- _REQUIREMENT_: Within the material below, locate the line with "Encensoir en argent, poinçon" and the line with "Fits 2014-2016 Harley-Davidson", then return those two lines and all lines between them, exactly as written.

- _RECORDS_:
◆ ◆ ◆

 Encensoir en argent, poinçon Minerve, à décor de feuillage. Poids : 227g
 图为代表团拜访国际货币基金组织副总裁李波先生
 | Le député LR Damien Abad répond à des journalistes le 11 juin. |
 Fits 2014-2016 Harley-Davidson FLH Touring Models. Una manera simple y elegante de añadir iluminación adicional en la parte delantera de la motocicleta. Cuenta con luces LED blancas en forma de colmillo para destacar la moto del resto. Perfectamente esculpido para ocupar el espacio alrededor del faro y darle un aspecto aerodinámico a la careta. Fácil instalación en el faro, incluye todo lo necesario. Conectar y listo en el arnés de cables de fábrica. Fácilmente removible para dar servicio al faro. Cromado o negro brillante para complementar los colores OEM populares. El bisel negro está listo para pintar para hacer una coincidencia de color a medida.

◆ ◆ ◆

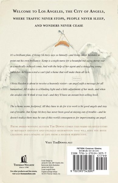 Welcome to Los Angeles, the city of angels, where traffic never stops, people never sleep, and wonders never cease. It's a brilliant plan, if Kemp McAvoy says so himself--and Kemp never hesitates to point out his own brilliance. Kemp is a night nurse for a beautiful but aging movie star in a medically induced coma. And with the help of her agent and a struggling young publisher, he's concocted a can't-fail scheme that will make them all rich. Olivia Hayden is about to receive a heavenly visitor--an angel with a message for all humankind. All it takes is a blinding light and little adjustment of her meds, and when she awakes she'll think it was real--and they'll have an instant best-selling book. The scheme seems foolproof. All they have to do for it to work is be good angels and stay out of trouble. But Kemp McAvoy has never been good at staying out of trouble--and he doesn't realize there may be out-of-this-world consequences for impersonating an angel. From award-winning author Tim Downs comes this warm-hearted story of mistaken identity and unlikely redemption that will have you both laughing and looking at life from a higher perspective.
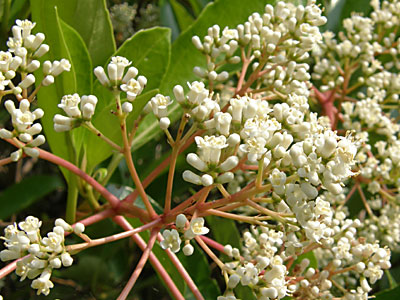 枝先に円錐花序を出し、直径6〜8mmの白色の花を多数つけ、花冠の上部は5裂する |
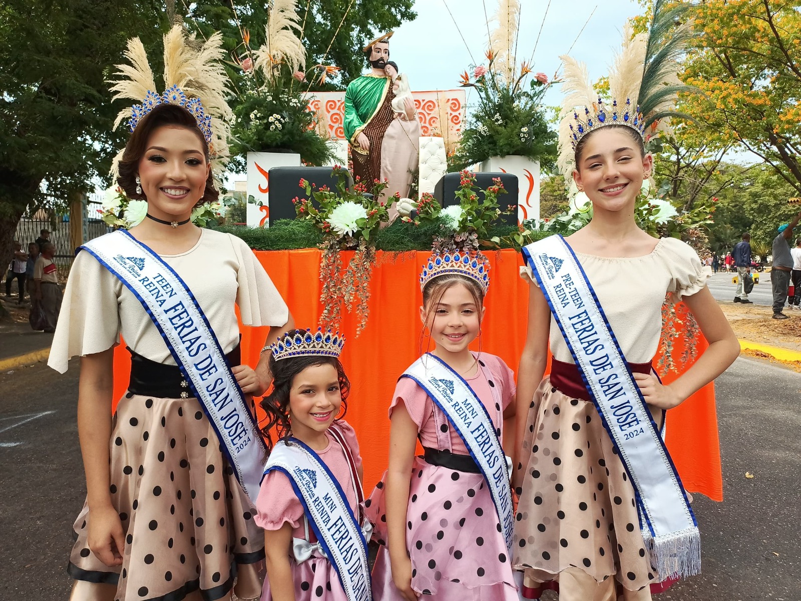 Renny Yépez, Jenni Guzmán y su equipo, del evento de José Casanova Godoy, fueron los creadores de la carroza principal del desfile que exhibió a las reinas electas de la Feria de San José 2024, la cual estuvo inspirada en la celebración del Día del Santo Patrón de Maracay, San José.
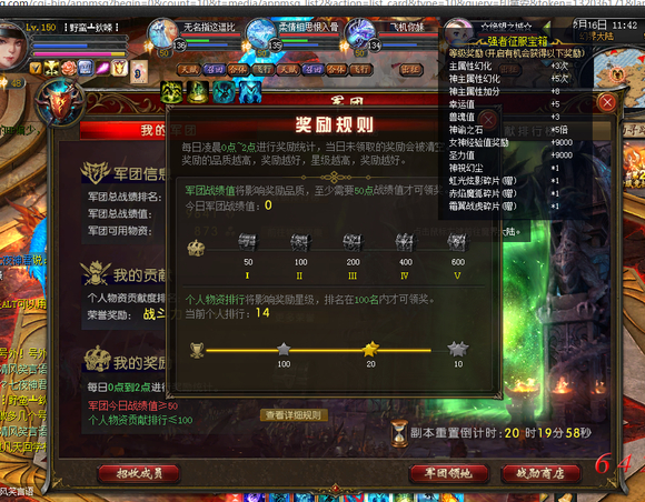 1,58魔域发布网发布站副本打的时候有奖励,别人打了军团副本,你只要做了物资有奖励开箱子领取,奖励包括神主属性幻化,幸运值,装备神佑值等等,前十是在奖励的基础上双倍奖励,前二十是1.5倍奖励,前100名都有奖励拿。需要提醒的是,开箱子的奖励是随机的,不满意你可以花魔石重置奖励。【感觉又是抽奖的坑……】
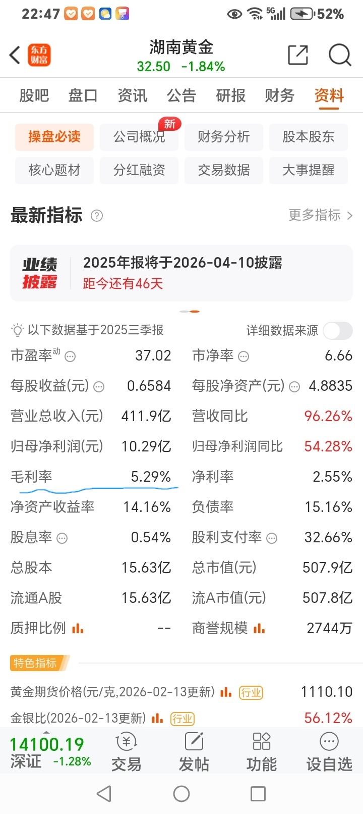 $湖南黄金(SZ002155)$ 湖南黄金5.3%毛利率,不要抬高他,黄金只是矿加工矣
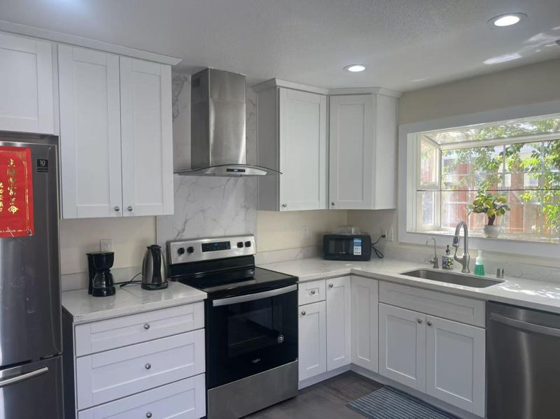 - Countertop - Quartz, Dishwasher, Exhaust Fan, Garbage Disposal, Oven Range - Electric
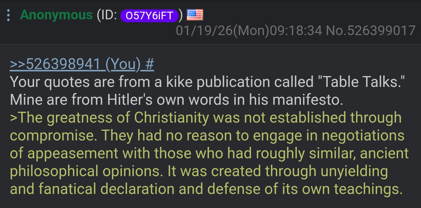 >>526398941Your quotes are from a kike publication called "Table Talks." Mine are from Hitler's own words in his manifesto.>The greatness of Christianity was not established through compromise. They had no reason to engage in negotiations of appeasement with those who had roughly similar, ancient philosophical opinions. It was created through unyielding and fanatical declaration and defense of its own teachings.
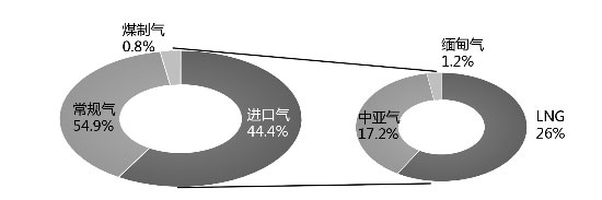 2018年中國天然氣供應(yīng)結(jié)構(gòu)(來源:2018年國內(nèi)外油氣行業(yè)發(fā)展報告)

◆ ◆ ◆

- _WRITTEN ANSWER_:
 Encensoir en argent, poinçon Minerve, à décor de feuillage. Poids : 227g
 图为代表团拜访国际货币基金组织副总裁李波先生
 | Le député LR Damien Abad répond à des journalistes le 11 juin. |
 Fits 2014-2016 Harley-Davidson FLH Touring Models. Una manera simple y elegante de añadir iluminación adicional en la parte delantera de la motocicleta. Cuenta con luces LED blancas en forma de colmillo para destacar la moto del resto. Perfectamente esculpido para ocupar el espacio alrededor del faro y darle un aspecto aerodinámico a la careta. Fácil instalación en el faro, incluye todo lo necesario. Conectar y listo en el arnés de cables de fábrica. Fácilmente removible para dar servicio al faro. Cromado o negro brillante para complementar los colores OEM populares. El bisel negro está listo para pintar para hacer una coincidencia de color a medida.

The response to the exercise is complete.